There are three surgical treatment options, used alone or in combination:
- Marsupialization by craniotomy
- Endoscopic cyst removal
- Cyst shunting

Open removal of the cyst is considered the optimal surgical procedure. Successful results range from 75 to 100%, and surgical mortality is almost zero. There are two issues to note regarding open surgery:
- Total removal of the arachnoid cyst is no longer considered advisable; large holes in the cyst wall are sufficient to ensure the passage of cerebrospinal fluid through the cyst cavity and reduce the risk of damage to adjacent brain structures. Moreover, partial opening of the cyst can also prevent the leakage of cerebrospinal fluid into the subdural space and the development of postoperative subdural hygromas.
- All vessels that cross the cyst cavity or lie on the cyst wall are normal and therefore should be preserved.

In recent years, endoscopic cyst removal has been proposed as an alternative to open surgery. Endoscopy is also used as an adjunct to open surgery to reduce the size of the surgical approach. Positive results of endoscopic techniques range from 45 to 100%.

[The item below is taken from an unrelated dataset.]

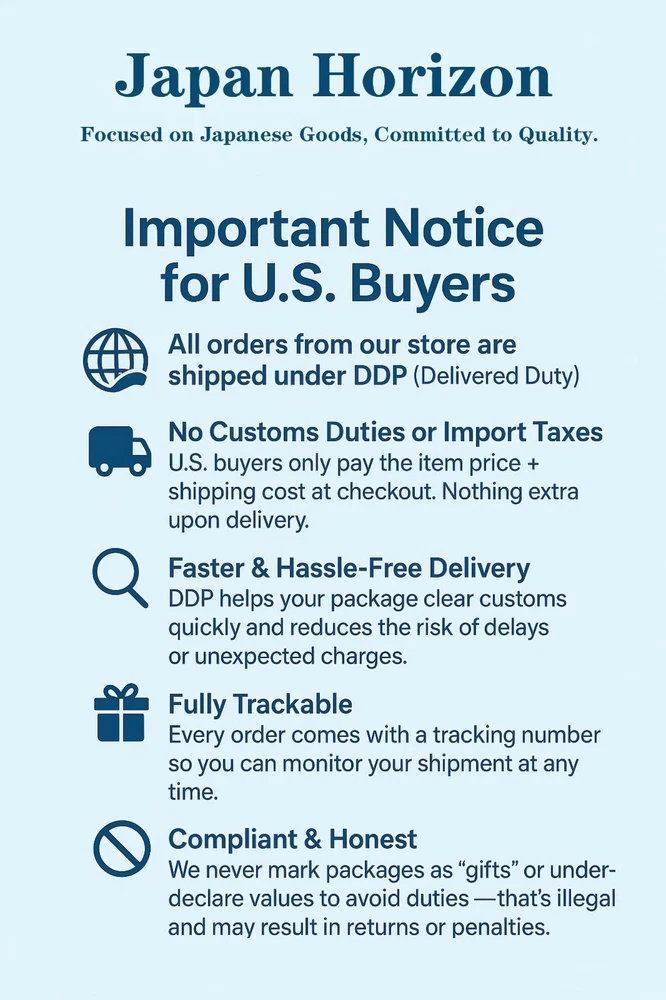 Important Q&A for U.S. Buyers Q: Why do other stores sell the same product with shipping at a much lower total price? Why are your items more expensive? A: For U.S. buyers, we use DDP (Delivered Duty Paid) shipping , which is safe, reliable, and recommended by eBay. Your total checkout price already includes item price, international shipping, import duties, taxes, and handling fees , so no additional charges upon delivery. Some stores that appear cheaper may not include import duties and related fees . You might need to pay these separately, delaying delivery. Other sellers might falsely declare items as "gifts" or use untracked shipping, which is not legally permitted . Shipping & Policies To United States Shipping is DDP (Delivered Duty Paid). All duties & taxes are prepaid ? no extra fees upon delivery . Expedited: 2?5 business days via SpeedPAK Economy: 8?15 business days via SpeedPAK To Other Countries Shipping is DDU (Delivered Duty Unpaid). Import duties & taxes are the buyer?s responsibility. Expedited: 2?7 business days via FedEx Economy: 7?21 business days via Japan Post About Japan Horizon Welcome to Japan Horizon-your source for authentic, high-quality Japanese products. We handpick each item to showcase Japan's craftsmanship, design, and culture. From timeless traditions to modern innovations, discover the essence of Japan and bring its charm into your everyday life.

Cyst shunting is clearly safer, but is accompanied by a high frequency of additional surgical procedures (about 30%) and lifelong dependence on the shunt.

Examples of arachnoid cysts of the Sylvian fissure according to Galassi.

b) Sellar cysts. Sellar cysts are the second most common supratentorial location among intracranial arachnoid cysts. There are slightly more men affected than women: the ratio is about 1.5/1. Cysts can be divided into two groups:
- Suprasellar cysts located above the diaphragm of the sella turcica.
- Intrasellar cysts located in the cavity of the sella turcica.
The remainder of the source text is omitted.